== EXERCISE DATA ==
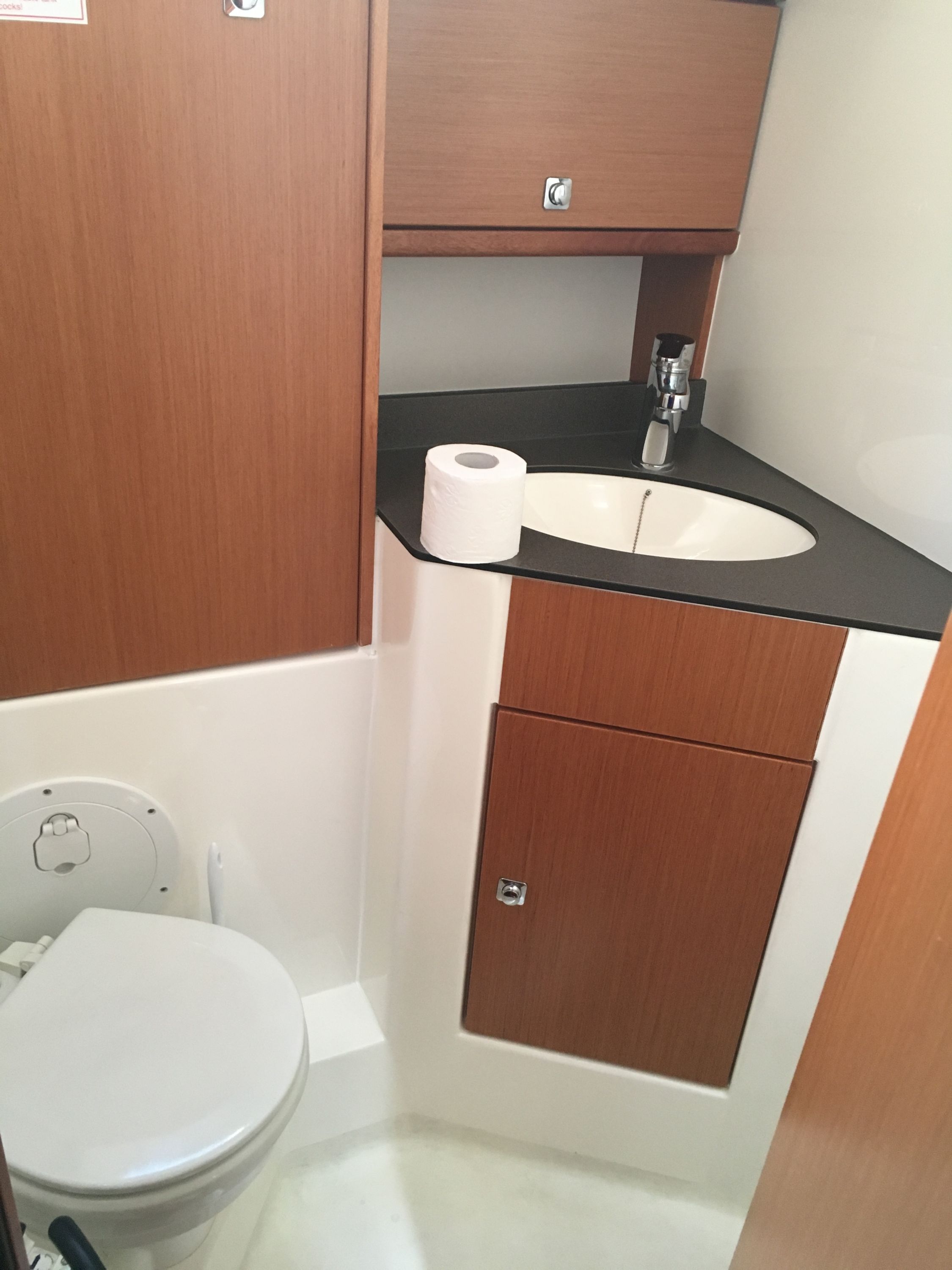 | Navigation | Fernglas, GPS mit Kartenplotter im Cockpit, Hafenhandbücher, Kompass, Seekarten, Tridata (Log, Echolot, Windm.), Windmesser |
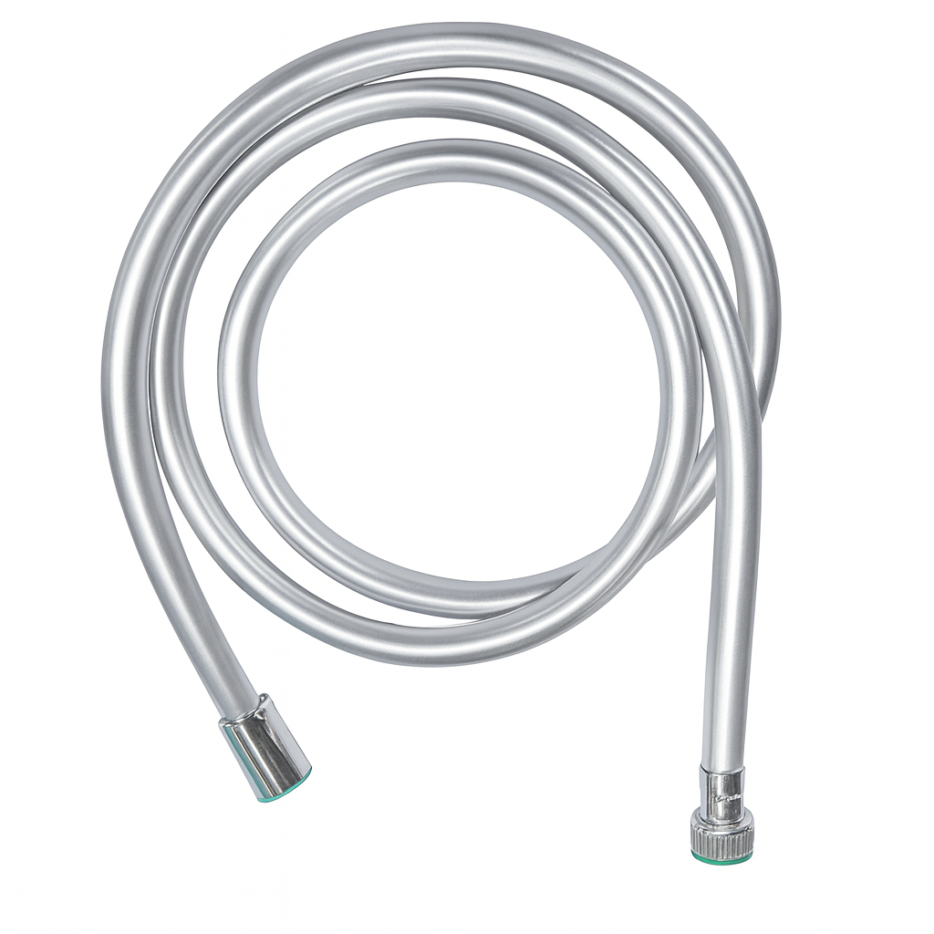 Flexo de ducha metálico con doble grapado, fabricado en latón, con revestimiento de PVC en color plata, con sistema anti-torceduras. Longitud de 175 cm.
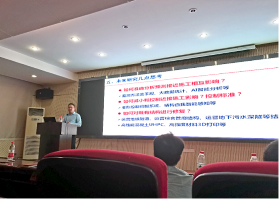 李忠超博士以“城市轨道交通工程近接施工影响研究及思考”为题,以近接运营地铁隧道施工工程频发为背景,通过超深基坑邻近地铁车站工程、大断面矩形顶管上跨既有地铁运营隧道工程和长距离共线基坑对邻近既有盾构隧道工程三个典型近接工程案例,从工程环境、地质条件、施工技术等方面对监测数据进行了深入分析,总结了近接运营地铁隧道工程的施工技术难点和既有地铁隧道结构受力变形规律,并对近接运营地铁隧道工程未来研究发展方向提出了几点思考和展望。
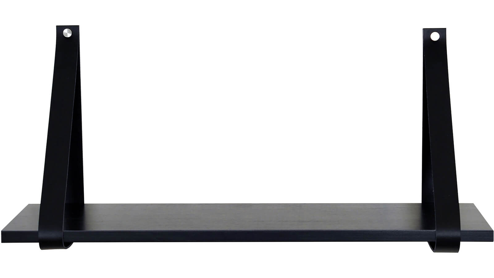Frikk vägghylla i svartlackad furu med läderhängen.
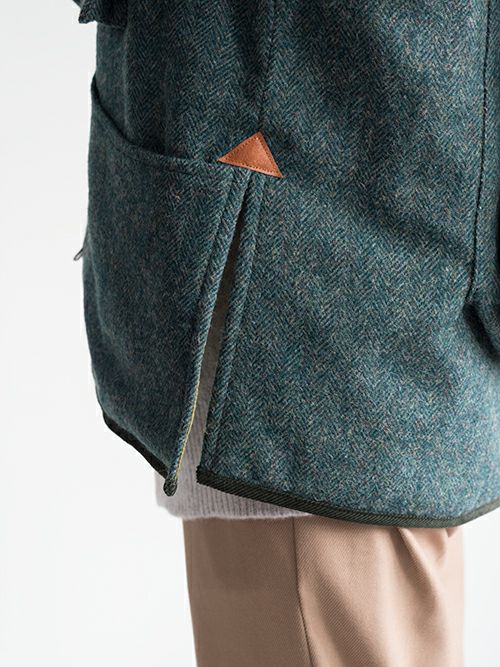 ハンティングベストをモチーフにした、中綿入りツイードベスト。雰囲気のあるネップ感が魅力的なWOOLRICHのファブリックを使用しています。
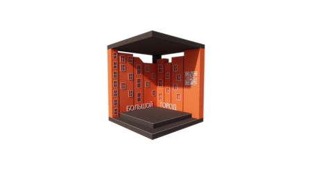 Стенд представляет собой ряд фасадов зданий разной высоты. У каждого здания есть окна нестандартного размера, все для того, чтобы уместить в себя ассоциации с творчеством журнала, например, вырезки из журналов, статуэтки и так далее. Это отражает идею о том, жизнь мегаполиса рождается в его «ячейках» и о том, что журнал освещает эти истории изнутри.
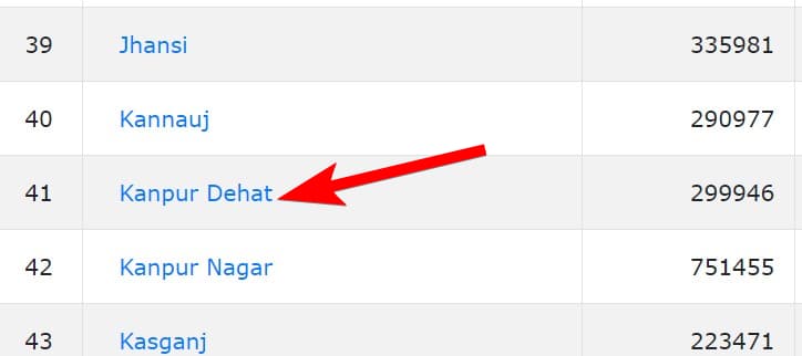 - वेबसाइट के होमपेज पर आपको उत्तर प्रदेश के जिलों की लिस्ट मिलेगी। यहां पर आपको जिला कानपुर देहात का चुनाव करना होगा। जैसा की आप नीचे देख सकते है।
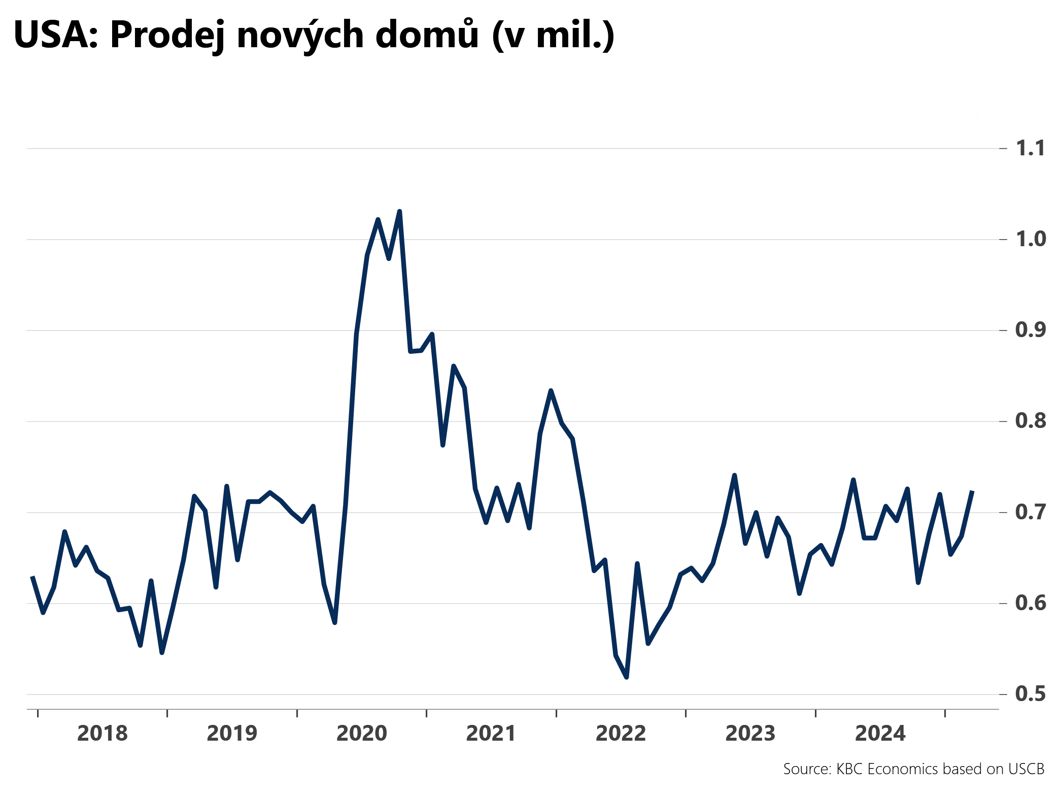 Počet prodaných nových domů v říjnu mírně stoupl na 745 tis. oproti revidovaným 742 tis. v září. Trhy očekávaly růst 800 tis. prodaných nových domů. -
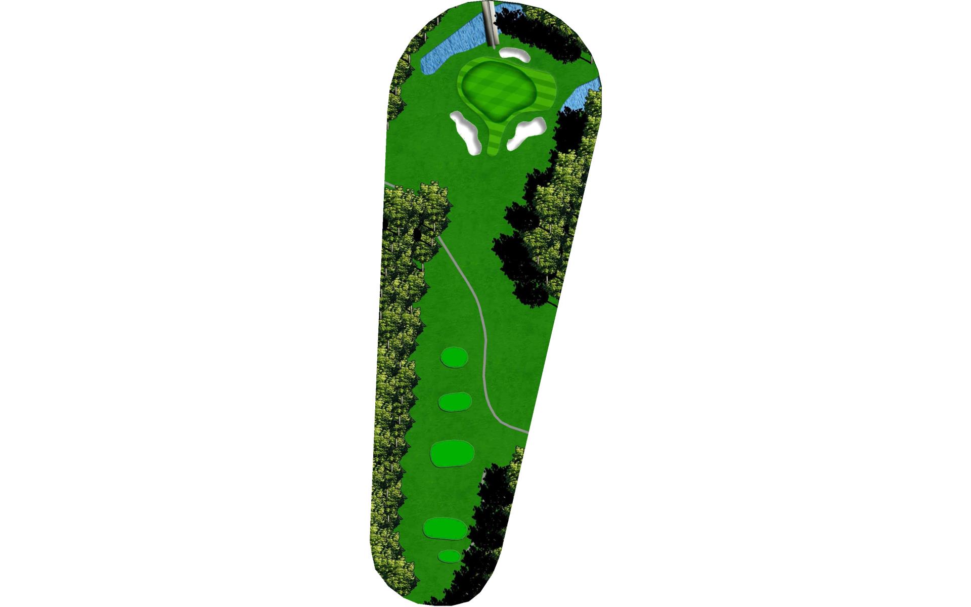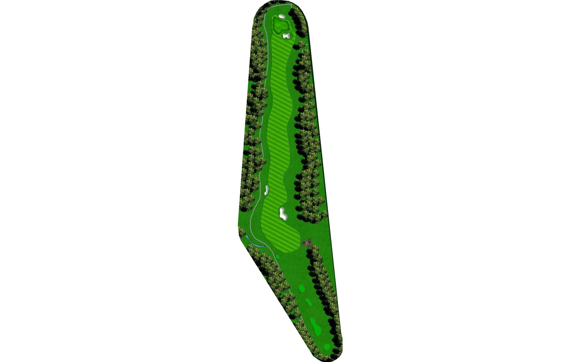 The fairway bunkers on the right side of the fairway are in play for long hitters on this par 5. The fairway bends slightly right on its way to the green that slopes down from back-to-front. A bunker in the front-center of the green must be avoided.
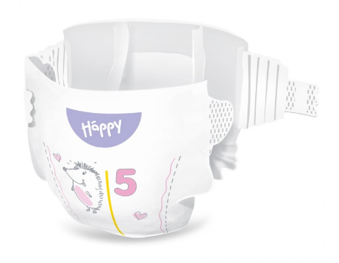 Pieluszki Happy Soft & Delicate w rozmiarze 5 (Junior) są dedykowane dla dzieci o masie 11-18 kg.
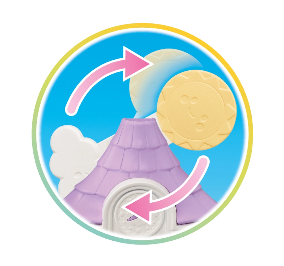 La fonction de changement de météo est unique : alternez entre ensoleillé et pluvieux et déplacez l’arche sur le toit ainsi que les accessoires pour correspondre à la scène du moment. L’ensemble inclut l’adorable figurine bébé Flora le lapin avec membres et tête articulés ; la tenue peut être retirée et échangée.
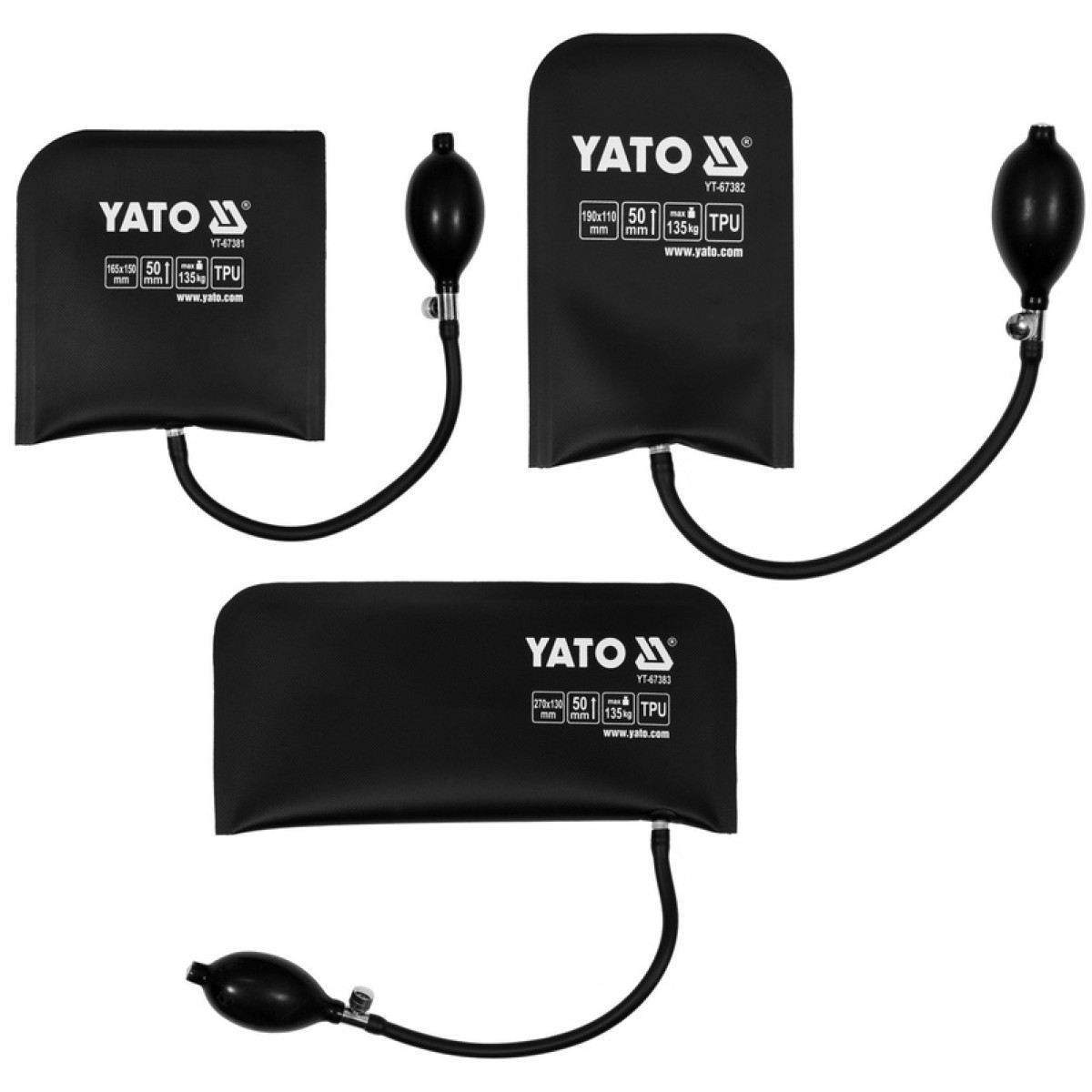 Набор пневматических подушек для аварийного открытия дверей автомобиля YATO-YT-67385 предназначен для подъема, перемещения, сдвига и точного выравнивания тяжелых элементов при выполнении монтажных и технических работ. Набор эффективно применяется для работы с мебелью, оконными и дверными рамами, а также для установки стиральных машин, холодильников и другой бытовой техники. Каждая подушка выдерживает нагрузку до 135 кг и обеспечивает максимальную высоту подъема до 50 мм, что позволяет плавно и контролируемо изменять положение объектов. Минимальная толщина около 2 мм в ненадутом состоянии обеспечивает удобное введение подушек в узкие зазоры. Подушки изготовлены из высококачественного ТПУ, что гарантирует прочность, износостойкость и защиту поверхностей от царапин при подъеме тяжелых предметов. Регулируемый приток и отток воздуха обеспечивает оптимальный контроль процесса подъема и выравнивания.
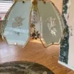 Loftlampe D. Ca. 35 cm. Bemalet gul glasskærm
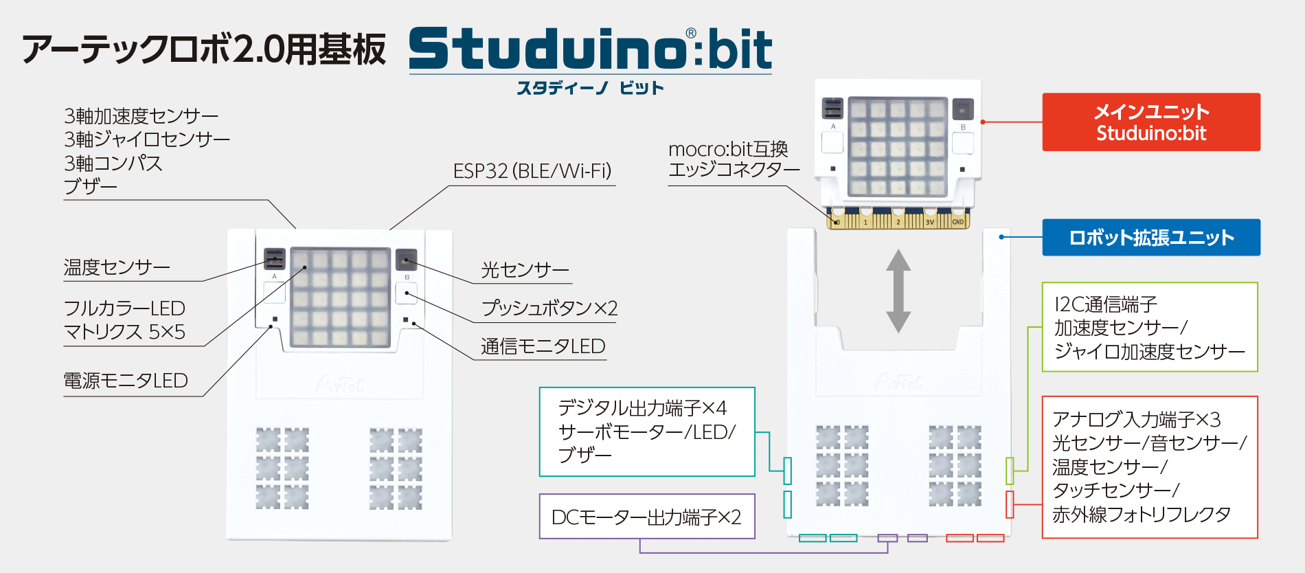 7つのセンサー、25個のフルカラーLED、ブザーを内蔵 Bluetooth・Wi-Fi搭載基板
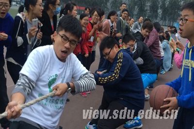 下午进行的是年级对抗赛,在男女四乘一百米接力赛中,各年级运动员团结协作、奋勇向前,比赛过程中一位选手鞋子掉落,为了集体成绩竟光脚跑完全程,这种竞赛精神让现场观众纷纷起立鼓掌,为之加油鼓劲。男女500 米长跑,运动员们的脚步从未停滞,让我们真正感受到他们的拼博精神与顽强意志。各种以娱乐为主的趣味项目,如障碍跑酷、集体跳大绳、二人三足、搭桥过河等在年级对抗赛过程中穿插进行,欢笑声充满了比赛现场,参加比赛的同学都感觉意犹未尽。最受关注的拔河比赛最后进行,本科生、研究生共6支队伍经过抽签捉对厮杀。场上,各年级运动员竭尽全力,场下,观众的助威声、呐喊声响彻运动场。最终,本科2013级获得拔河比赛第一名,总成绩桂冠则由本科2015级摘得。除此之外,运动会还设置了整点抽奖环节,让观众也能积极参与到活动中。
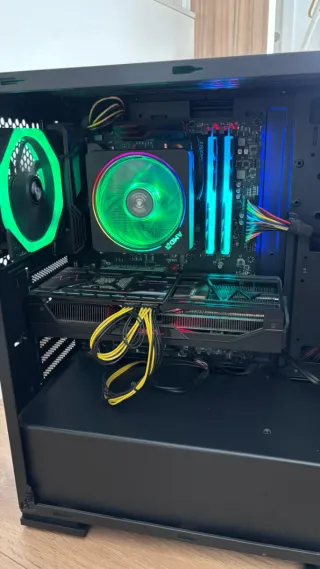 PC Gaming Sobremesa RGB Placa Base: MSI X470 Gaming Pro CPU: AMD Ryzen 7 2700X RAM: DDR4 3200 16G (8+8) GPU: Radeon RX VEGA 56 8G Memoria: 1 Disco M2 500G 1 HDD 1000G Fuente Alimentacion: 750W Bronze Tiene unos años pero sigue rindiendo bien en la mayoria de juegos actuales a mas 60FPS a 1920x1080

== TASK INSTRUCTIONS ==
Taking each record in turn, retype it exactly and drop any picture.

== RESULT ==
 | Navigation | Fernglas, GPS mit Kartenplotter im Cockpit, Hafenhandbücher, Kompass, Seekarten, Tridata (Log, Echolot, Windm.), Windmesser |
 Flexo de ducha metálico con doble grapado, fabricado en latón, con revestimiento de PVC en color plata, con sistema anti-torceduras. Longitud de 175 cm.
 李忠超博士以“城市轨道交通工程近接施工影响研究及思考”为题,以近接运营地铁隧道施工工程频发为背景,通过超深基坑邻近地铁车站工程、大断面矩形顶管上跨既有地铁运营隧道工程和长距离共线基坑对邻近既有盾构隧道工程三个典型近接工程案例,从工程环境、地质条件、施工技术等方面对监测数据进行了深入分析,总结了近接运营地铁隧道工程的施工技术难点和既有地铁隧道结构受力变形规律,并对近接运营地铁隧道工程未来研究发展方向提出了几点思考和展望。
Frikk vägghylla i svartlackad furu med läderhängen.
 ハンティングベストをモチーフにした、中綿入りツイードベスト。雰囲気のあるネップ感が魅力的なWOOLRICHのファブリックを使用しています。
 Стенд представляет собой ряд фасадов зданий разной высоты. У каждого здания есть окна нестандартного размера, все для того, чтобы уместить в себя ассоциации с творчеством журнала, например, вырезки из журналов, статуэтки и так далее. Это отражает идею о том, жизнь мегаполиса рождается в его «ячейках» и о том, что журнал освещает эти истории изнутри.
 - वेबसाइट के होमपेज पर आपको उत्तर प्रदेश के जिलों की लिस्ट मिलेगी। यहां पर आपको जिला कानपुर देहात का चुनाव करना होगा। जैसा की आप नीचे देख सकते है।
 Počet prodaných nových domů v říjnu mírně stoupl na 745 tis. oproti revidovaným 742 tis. v září. Trhy očekávaly růst 800 tis. prodaných nových domů. -
 The fairway bunkers on the right side of the fairway are in play for long hitters on this par 5. The fairway bends slightly right on its way to the green that slopes down from back-to-front. A bunker in the front-center of the green must be avoided.
 Pieluszki Happy Soft & Delicate w rozmiarze 5 (Junior) są dedykowane dla dzieci o masie 11-18 kg.
 La fonction de changement de météo est unique : alternez entre ensoleillé et pluvieux et déplacez l’arche sur le toit ainsi que les accessoires pour correspondre à la scène du moment. L’ensemble inclut l’adorable figurine bébé Flora le lapin avec membres et tête articulés ; la tenue peut être retirée et échangée.
 Набор пневматических подушек для аварийного открытия дверей автомобиля YATO-YT-67385 предназначен для подъема, перемещения, сдвига и точного выравнивания тяжелых элементов при выполнении монтажных и технических работ. Набор эффективно применяется для работы с мебелью, оконными и дверными рамами, а также для установки стиральных машин, холодильников и другой бытовой техники. Каждая подушка выдерживает нагрузку до 135 кг и обеспечивает максимальную высоту подъема до 50 мм, что позволяет плавно и контролируемо изменять положение объектов. Минимальная толщина около 2 мм в ненадутом состоянии обеспечивает удобное введение подушек в узкие зазоры. Подушки изготовлены из высококачественного ТПУ, что гарантирует прочность, износостойкость и защиту поверхностей от царапин при подъеме тяжелых предметов. Регулируемый приток и отток воздуха обеспечивает оптимальный контроль процесса подъема и выравнивания.
 Loftlampe D. Ca. 35 cm. Bemalet gul glasskærm
 7つのセンサー、25個のフルカラーLED、ブザーを内蔵 Bluetooth・Wi-Fi搭載基板
 下午进行的是年级对抗赛,在男女四乘一百米接力赛中,各年级运动员团结协作、奋勇向前,比赛过程中一位选手鞋子掉落,为了集体成绩竟光脚跑完全程,这种竞赛精神让现场观众纷纷起立鼓掌,为之加油鼓劲。男女500 米长跑,运动员们的脚步从未停滞,让我们真正感受到他们的拼博精神与顽强意志。各种以娱乐为主的趣味项目,如障碍跑酷、集体跳大绳、二人三足、搭桥过河等在年级对抗赛过程中穿插进行,欢笑声充满了比赛现场,参加比赛的同学都感觉意犹未尽。最受关注的拔河比赛最后进行,本科生、研究生共6支队伍经过抽签捉对厮杀。场上,各年级运动员竭尽全力,场下,观众的助威声、呐喊声响彻运动场。最终,本科2013级获得拔河比赛第一名,总成绩桂冠则由本科2015级摘得。除此之外,运动会还设置了整点抽奖环节,让观众也能积极参与到活动中。
 PC Gaming Sobremesa RGB Placa Base: MSI X470 Gaming Pro CPU: AMD Ryzen 7 2700X RAM: DDR4 3200 16G (8+8) GPU: Radeon RX VEGA 56 8G Memoria: 1 Disco M2 500G 1 HDD 1000G Fuente Alimentacion: 750W Bronze Tiene unos años pero sigue rindiendo bien en la mayoria de juegos actuales a mas 60FPS a 1920x1080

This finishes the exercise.